US tech companies actually had much larger layoffs however this were again in very low ends. The high and middle ends are booming as if we are back in 2000 bubble. Due to such disparity one should always clarify what kind of tech jobs one is talking about.
Computer, electronics and telecommunications companies shed more than 90,000 jobs last year, compared to nearly 80,000 in 2015, according to a new report out from Challenger, Gray & Christmas, a global outplacement firm based in Chicago. Tech layoffs accounted for 18 percent of the total 526,915 U.S. job cuts announced in 2016.
Computer companies were hit especially hard; layoffs in the sector were up 7 percent in 2016. Dell Technologies (NYSE: DVMT) was responsible for much of the uptick when it converged with EMC last year and cut thousands of positions.
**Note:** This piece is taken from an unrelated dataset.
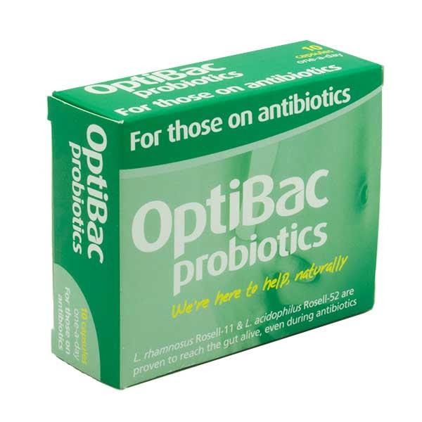 Men vi sinh Optibac For Those On Antibiotics bổ sung lợi khuẩn cho người dùng kháng sinh. Sản phẩm giúp cân bằng lại hệ vi sinh của cơ thể, giảm thiểu tác dụng phụ cho cơ thể trong giai đoạn sử dụng kháng sinh.

Intel (NASDAQ: INTC), IBM (NYSE: IBM), Cisco Systems (NASDAQ: CSCO) and Microsoft (NASDAQ: MSFT) also shed jobs, with Intel laying off 12,000 employees, or 11 percent of its workforce, per the report.
You're right it's a fairly small proportion, but when the workforce overall is growing by around ~1 million per month, growth within each sector is essential just to cope (figure source is 2 years old and not IT specific, but still likely to be broadly accurate: https://blogs.wsj.com/briefly/2015/07/22/indias-labor-force/ )
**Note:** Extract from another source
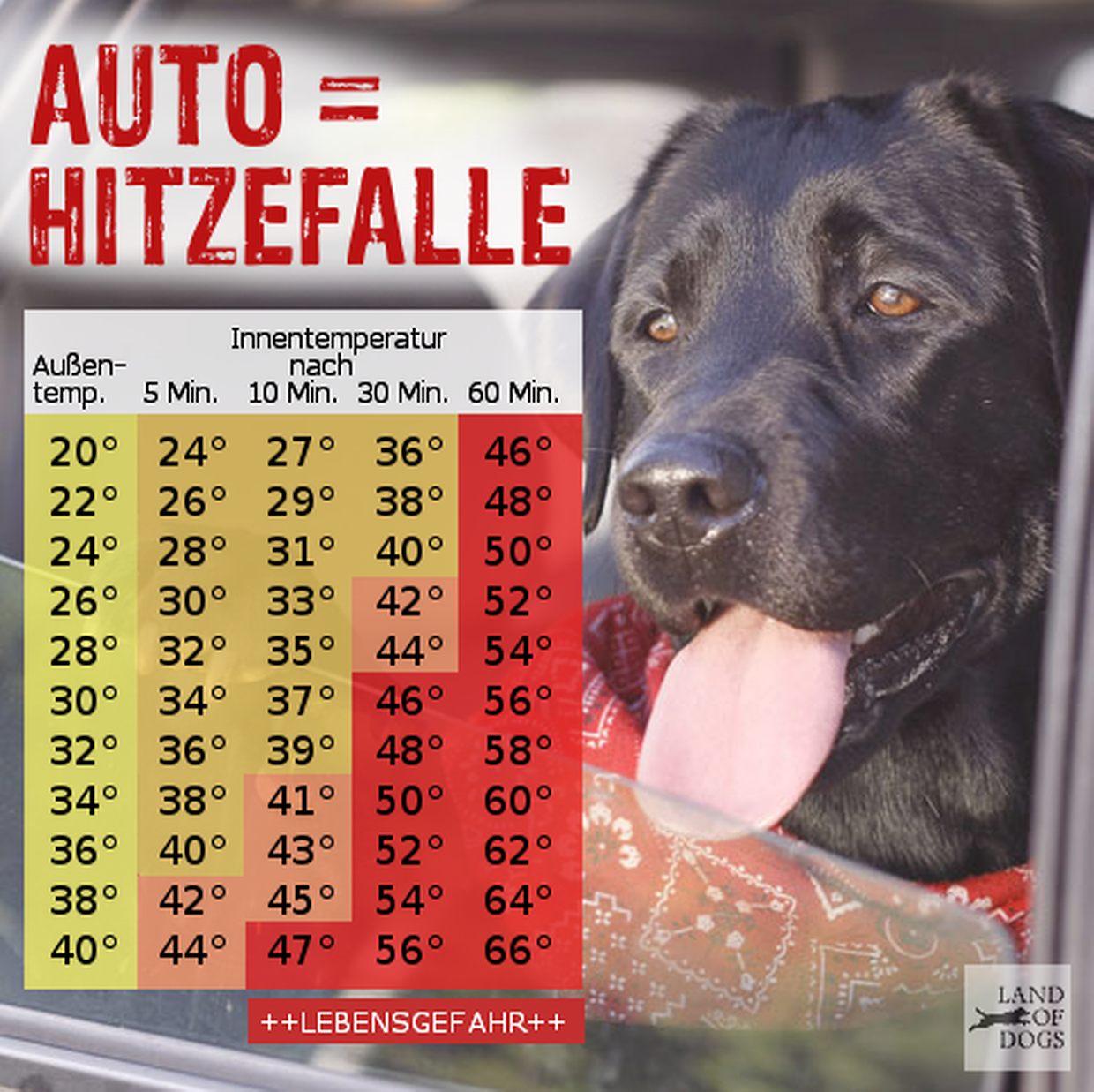 Sowohl Katzen als auch Hunde können einen Hitzschlag erleiden. Da die größte Gefahr jedoch in einem in der Sonne geparkten Auto besteht, sind weitaus mehr Hunde als Katzen davon betroffen. „Dabei reichen schon Außentemperaturen von 20 Grad, um bei direkter Sonneneinstrahlung des Innere des Wagens in wenigen Minuten auf über 50 Grad aufzuheizen“, erklärt Philip McCreight von TASSO. „Für den Hund bedeutet das akute Lebensgefahr.“

I'd say that 2% of a whole industry being laid off is quite considerable, if 2% of the German car industry is laid off in a single year it'd be considerable, for example.
From https://www.bizjournals.com/bizjournals/news/2017/02/17/tech...
Computer, electronics and telecommunications companies shed more than 90,000 jobs last year, compared to nearly 80,000 in 2015, according to a new report out from Challenger, Gray & Christmas, a global outplacement firm based in Chicago. Tech layoffs accounted for 18 percent of the total 526,915 U.S. job cuts announced in 2016.
Computer companies were hit especially hard; layoffs in the sector were up 7 percent in 2016. Dell Technologies (NYSE: DVMT) was responsible for much of the uptick when it converged with EMC last year and cut thousands of positions. Intel (NASDAQ: INTC), IBM (NYSE: IBM), Cisco Systems (NASDAQ: CSCO) and Microsoft (NASDAQ: MSFT) also shed jobs, with Intel laying off 12,000 employees, or 11 percent of its workforce, per the report.